Analistler, petrol talebinde V şeklinde bir toparlanma olasılığının büyük ölçüde olmayacağı kararını verdiler. Shell’in CEO’su Ben van Beurden, Temmuz sonundaki bir açıklamasında şu sözleri kullandı: “Size kesin olarak belli bir şeyler söyleyen herkesten bence büyük bir kuşku duymalısınız. Tabii ki bu salgının nasıl sonuçlanacağını bilmiyoruz. Umarım iyi sonuçlanır. Zaten herhangi bir düzelme olursa talebin toparlanması uzun zaman alacaktır.” Pandemideki mevcut belirsizlik, dünyanın birçok yerinde hala kontrol altında olmaktan uzak ve uzun vadeli talebe ilişkin tahminleri güvenilmez kılmaktadır.

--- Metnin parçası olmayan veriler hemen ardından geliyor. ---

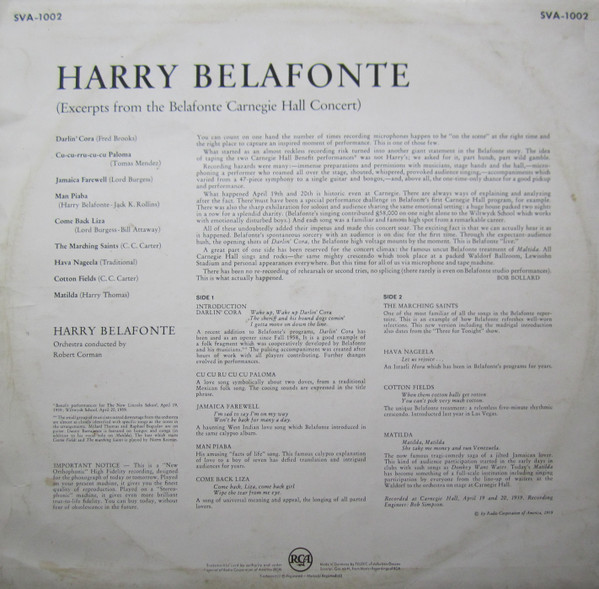 Harry Belafonte – Excerpts From The Belafonte Carnegie Hall Concert (LP, Album, Mono, RE)
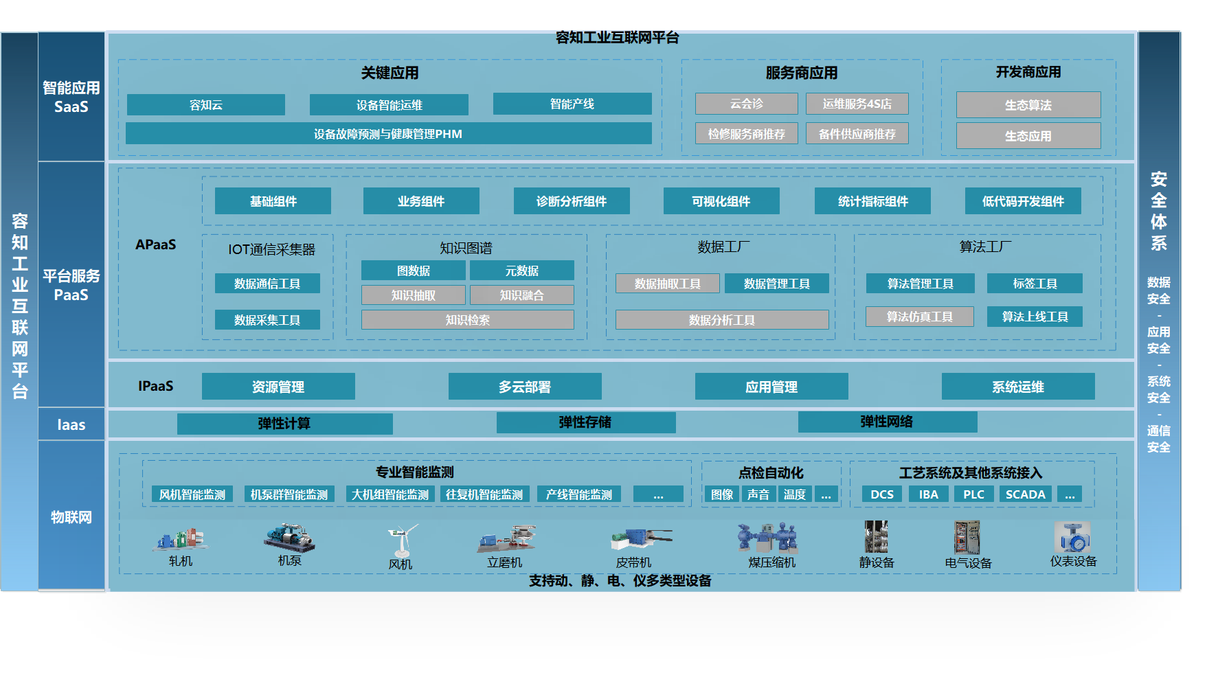 在IPaaS層,容知日新靈芝設備智能運維平臺采用CNCF認證的云原生技術,支持資源管理、系統監控、安全管理等IT運維能力,基于Helm3技術的應用程序商店,可以廣泛容納第三方應用;基于10年以上工業信息化解決方案的經驗,平臺自帶大量工業應用所需的IT組件,覆蓋數據庫、存儲、大數據、分布式計算等各個方面,并提供優化的配置參數,滿足第三方應用對IT基礎設施的需求;廣泛的適應性和架構靈活性,可以和企業基于云原生的PaaS平臺進行整合,符合企業統一平臺的要求。

Kovid-19 salgını, özellikle Avrupa’daki birçok hükümete, yenilenebilir enerji ve elektrikli araç kullanımına daha fazla yatırım yaparak krizden daha çevreci bir şekilde kurtulmak için bir uyandırma çağrısı görevi gördü. Yeşil teknolojilere yönelik artan devlet desteği, daha yüksek petrol tüketimini önceden beklenenden daha hızlı bir şekilde değiştirebilir.
Wood Mackenzie, 2030’larda daha büyük yer kaplayacak olan “Daha yeşil büyüme” senaryosunun öncesinde 2020’lerdeki petrol talebinin düşmesine neden olabileceğini tahmin ediyor. Gelecekte petrol talebi için kurulan üç senaryo var. Birincisi “tam bir iyileşme senaryosu”, ikincisi “daha derin bir gerileme ve daha sonra yavaş yavaş bir trend büyümesi” ve son olarak da “daha yeşil büyüme” senaryosu. Gelecek yıllardaki azalan petrol rezervleri ve daha temiz bir dünya düşüncesi ile petrolün kurmuş olduğu kalenin yavaş yavaş yıkılabileceği düşünülüyor.
Shell ve BP dahil bazı petrol şirketleri, talebin pandemi öncesi seviyelere toparlanacağından pek emin değil ve bu iki büyük şirket, koronavirüsün bir uyanma çağrısını enerji geçişinde iş için kendilerini hızlı bir şekilde konumlandırma fırsatı olarak gördü ve kendilerine petrol yerine enerji şirketleri demeye başladı.
Uluslararası Enerji Ajansı (IEA) İcra Direktörü Fatih Birol, Mayıs ayında yaptığı açıklamada, dünyanın petrol talebinin henüz zirve yapmadığını ve er ya da geç petrol tüketiminin kriz öncesi seviyelere dönerek bunun üzerine çıkmasını beklediğini söyledi.
Uzun vadeli petrol talebi söz konusu olduğunda, belirsizlik mevcut tahminleri gölgeliyor. Shell CEO’su Van Beurden’ın açıklamasında söylediği gibi: “Elbette, bulunduğumuz yere dönmemiz 2021’i alabilir. Bundan sonra ne olacağını tahmin etmenin çok daha zor olduğunu düşünüyorum.”.
Koronavirüsün dünya üzerindeki seyri, ikinci dalga endişesi ve hala sonuçlanamayan aşı çalışmaları; eski normalimize dönmeyi birkaç sene daha erteleyecek gibi duruyor.
Koronavirüsün dünya üzerindeki genel seyri, ikinci dalga endişesi, aşı çalışmalarının hâlâ bir sonuca ulaşamaması petrol piyasalarını son derece etkiliyor. Virüs, enerji piyasalarında hem arz hem de talep tarafını derinden etkiledi. Normal hayatın yavaş yavaş geri dönme çabası talepleri biraz olsun arttırırsa da uzun vadedeki petrol talebinin toparlanması uzun sürecek, geçen seneki seviyelere ulaşaması birkaç seneyi bulacak gibi gözüküyor.